You might think a community of "things called help didn't actually help me" would exist and it sort of does but it's absolutely minuscule. I've met a few others, and we all have such tiny capacity ourselves that mutual aid is a laughable concept. None of us have the capacity to help others when we're all in so distress every moment of every day ourselves.

Okay, the people say. Well, even if you don't have close social connections yet, can you find a way to enjoy the holidays yourself? You know, self-care! Self-love! Well, to start with, it's hard to self-love when you're broke. I haven't held down a full-time job in over three years. I'm overeducated and underemployed and anxiety prevents me from holding down most jobs. Career pivots are brutal and the career coaching industry never cops to how hard it actually is. And, have you noticed how many jobs are frustrating and awful, even for those who don't have trauma? I keep trying for a "good" job (very hard to find) and try to cut funds down wherever possible to support my inability to work.

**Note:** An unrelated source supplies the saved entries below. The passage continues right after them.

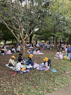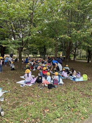 待ちに待ったお弁当タイムです。集合時刻の前から、おなかすいた〜、の声。おいしいお弁当を食べています。
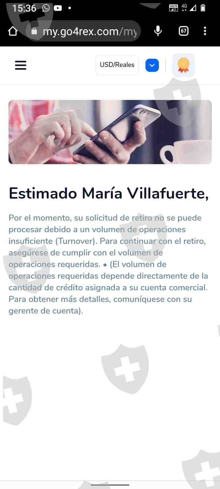 Expongo el caso de mi madre, una mujer de 65 años jubilada, GO4REX llegó a su vida a través de un anuncio publicitario en Facebook, a través de este anuncio se reprodujeron videos publicitarios con "testimonios" de gente que ganó dinero con esta plataforma. Posterior a esto se le realizaron llamadas de supuestos asesores persuadiendola a invertir con ellos, se le indicó que únicamente debería depositar $500 dólares y se le duplicarían sus ganancias, posteriormente, ella accedió y facilitó datos de su tarjeta de crédito a través de una llamada, progresivamente realizaban cobros acumulando un total de $3000 debitados de su tarjeta de crédito. Acaba de contarme lo sucedido y recurro a ustedes solicitando asesoría, debido a que se niegan a tramitar el retiro de dinero aduciendo "no cumplir con el volumen de operaciones requeridas", además se le han hecho débitos del capital invertido a razón de "Tarifa de inactividad". Adjunto evidencias a continuación.
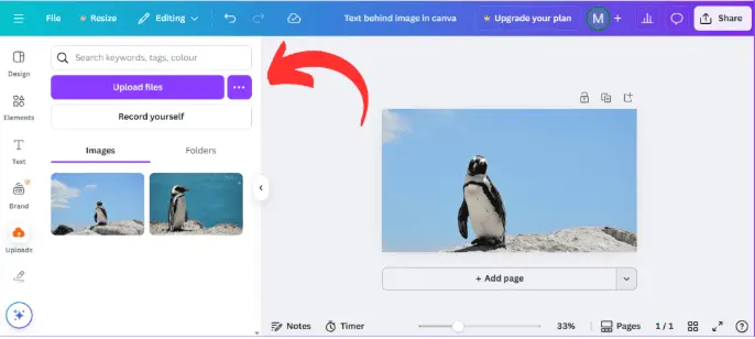 - Click Upload files, select your image and Canva will add it to your library.
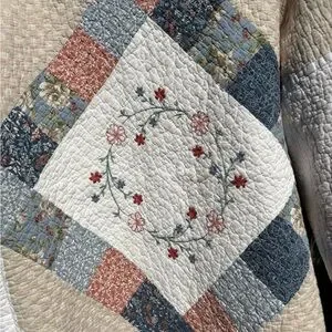 Please Note : This is an upcycled item and wear may be apparent. This quilted blanket was in excellent condition and you will have many years of elegant wear. Seams are serged to prevent excessive fraying.
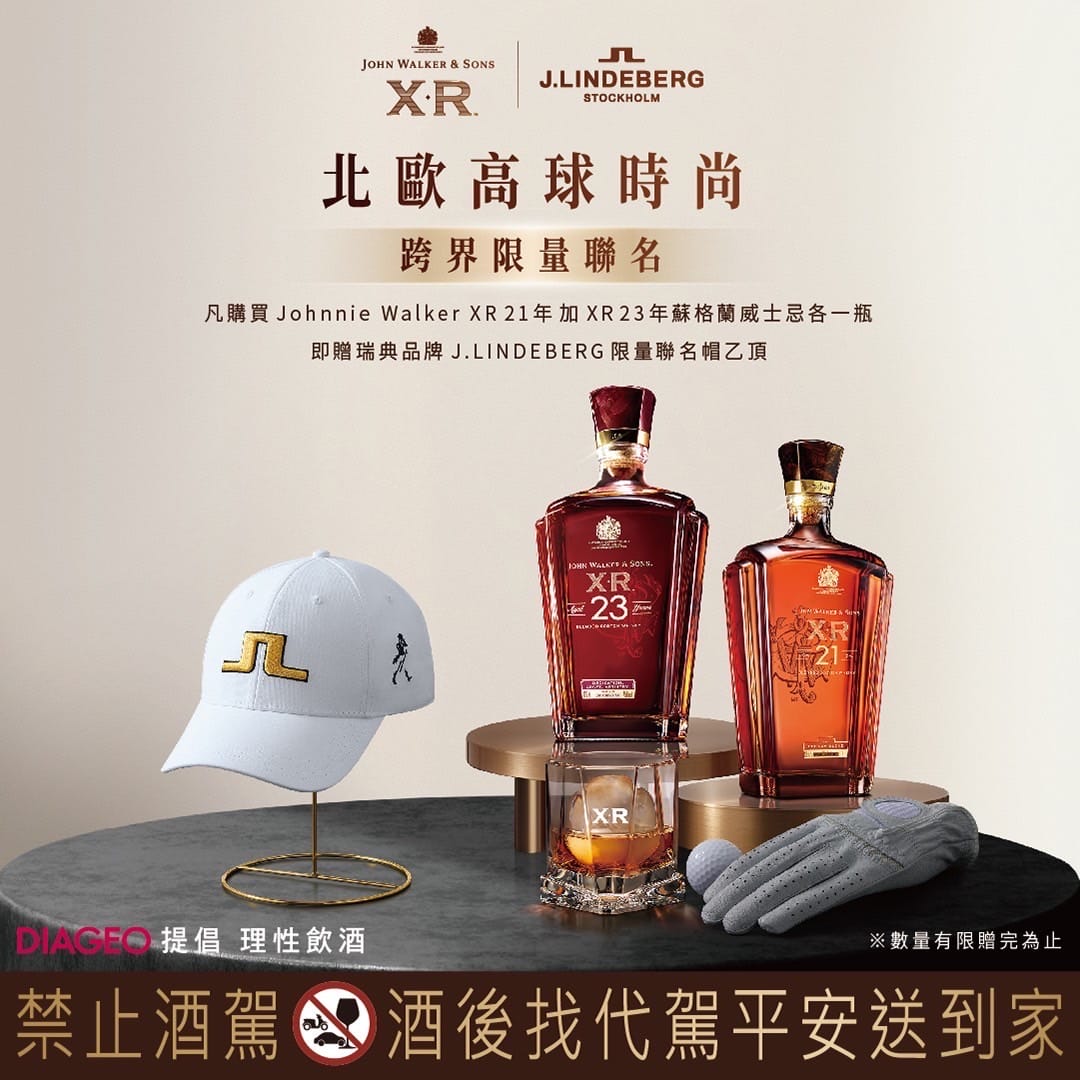 活動期間:11/15-12/31 活動辦法:消費者購買XR 21 + XR 23各一瓶,即贈送J.Lindberg 休閒帽乙頂。 ※數量有限 送完為止※ #約翰走路 XR 21年調和威士忌#Johnnie Walker XR#XR#21年#23年#約翰走路 XR 23年

Meanwhile, there's only so many days you can go for a mid-day walk with no friends and no money before it's not a fun thing anymore. At least for me. It's probably be more fun if was a choice and not the only thing on offer to do.


Also, remember the chronic anxiety I mentioned? That never goes away. I've had full blown panic attacks playing board games, attending wine and paint nights, and going for bike rides.I have anxiety attacks during most attempts at yoga sessions. I would describe myself as literally incapable of relaxation and it's the truth.

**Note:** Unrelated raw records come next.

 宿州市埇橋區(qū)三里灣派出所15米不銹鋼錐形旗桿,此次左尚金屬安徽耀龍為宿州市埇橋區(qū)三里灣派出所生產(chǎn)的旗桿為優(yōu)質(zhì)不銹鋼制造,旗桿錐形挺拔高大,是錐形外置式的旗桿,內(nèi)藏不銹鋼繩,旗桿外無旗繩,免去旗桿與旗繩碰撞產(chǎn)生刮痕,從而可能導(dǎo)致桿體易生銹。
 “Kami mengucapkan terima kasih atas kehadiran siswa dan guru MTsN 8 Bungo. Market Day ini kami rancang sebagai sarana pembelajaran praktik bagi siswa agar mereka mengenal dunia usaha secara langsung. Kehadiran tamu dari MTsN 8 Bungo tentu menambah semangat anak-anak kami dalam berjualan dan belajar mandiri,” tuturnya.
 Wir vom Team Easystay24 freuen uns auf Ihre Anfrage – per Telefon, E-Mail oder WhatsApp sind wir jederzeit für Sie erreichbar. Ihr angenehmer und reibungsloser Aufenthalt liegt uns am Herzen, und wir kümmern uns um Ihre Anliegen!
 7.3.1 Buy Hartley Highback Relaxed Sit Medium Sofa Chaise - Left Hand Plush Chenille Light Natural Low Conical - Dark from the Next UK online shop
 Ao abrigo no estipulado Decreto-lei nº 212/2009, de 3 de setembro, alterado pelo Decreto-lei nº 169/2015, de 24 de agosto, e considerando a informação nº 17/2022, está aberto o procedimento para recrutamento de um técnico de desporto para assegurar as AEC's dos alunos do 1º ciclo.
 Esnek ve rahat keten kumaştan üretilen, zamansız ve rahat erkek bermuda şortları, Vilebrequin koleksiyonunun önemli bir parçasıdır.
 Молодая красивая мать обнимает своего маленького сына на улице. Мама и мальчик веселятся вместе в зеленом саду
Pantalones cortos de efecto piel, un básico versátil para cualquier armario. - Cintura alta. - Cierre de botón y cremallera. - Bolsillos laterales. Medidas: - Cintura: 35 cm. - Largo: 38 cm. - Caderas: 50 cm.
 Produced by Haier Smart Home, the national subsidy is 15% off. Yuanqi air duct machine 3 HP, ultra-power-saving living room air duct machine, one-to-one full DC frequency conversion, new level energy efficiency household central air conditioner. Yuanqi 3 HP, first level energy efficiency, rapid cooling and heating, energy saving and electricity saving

I could learn new skills but doing it wholly alone and unsupported is just another panic attack waiting to happen. Enjoyable skill-learning and hobby development is just not a feasible option while the anxiety persists. So, sorry well-wishers, but self-care is off the list too for now. As is rest.

There is no such thing as true rest for me. There's mindless consumption of TV and internet content, but that's a sedation technique and nothing more. It's not enjoyment. That's also what most psych meds are as well - sedation to stop any feeling or real experience - not actual relief from primary causes (not that we need to kick that hornet's nest of a debate but worth mentioning).

I'm not bitter or mad at the holidays. People who have these things should be allowed to enjoy, celebrate, and be grateful for them. And this message isn't meant as a guilt trip.

What I do want, and still don't have, is acknowledgement that my experience is real. That I am unhelped because society refuses to help me. That professionals refuse to listen to my critiques and refuse to work with me on building systems that would help. Instead, they either insist that their items do work, or insist that someone else is responsible for me. They pass the buck to the next person, who passes the buck to the next person, and no-one admits that currently there is nowhere that exists that can actually work with and engage with me in a constructive manner. Effective help and assistance does not currently exist and no-one seems to want to acknowledge it

If the trauma-informed community wants to give me a holiday present, it would be this. I want opportunities for genuine and supported co-creation opportunities when it comes to developing knowledge about emotional distress and building services to help mitigate it. I know my experience better than you, and when I saying something not's working that deserves to be respected.

I shouldn't have ever had to fight this hard against the communities I live in for this ask. I'm still out here fighting. It's basically the only thing my waking hours are spent doing. There is no such thing as a holiday break in my world. Not yet. Maybe one day.

I hope you readers who do have even one of the holiday features above can enjoy it this and next week. If you don't, I see you and solidarity with your struggles. And I ask the trauma-informed community to consider making co-creation / co-production part of your professional New Year's resolution this coming year.

I don't need your pity. I don't need your sympathy. I need to be given resources and empowerment to direct and build the things that would actually help. It's really just that simple.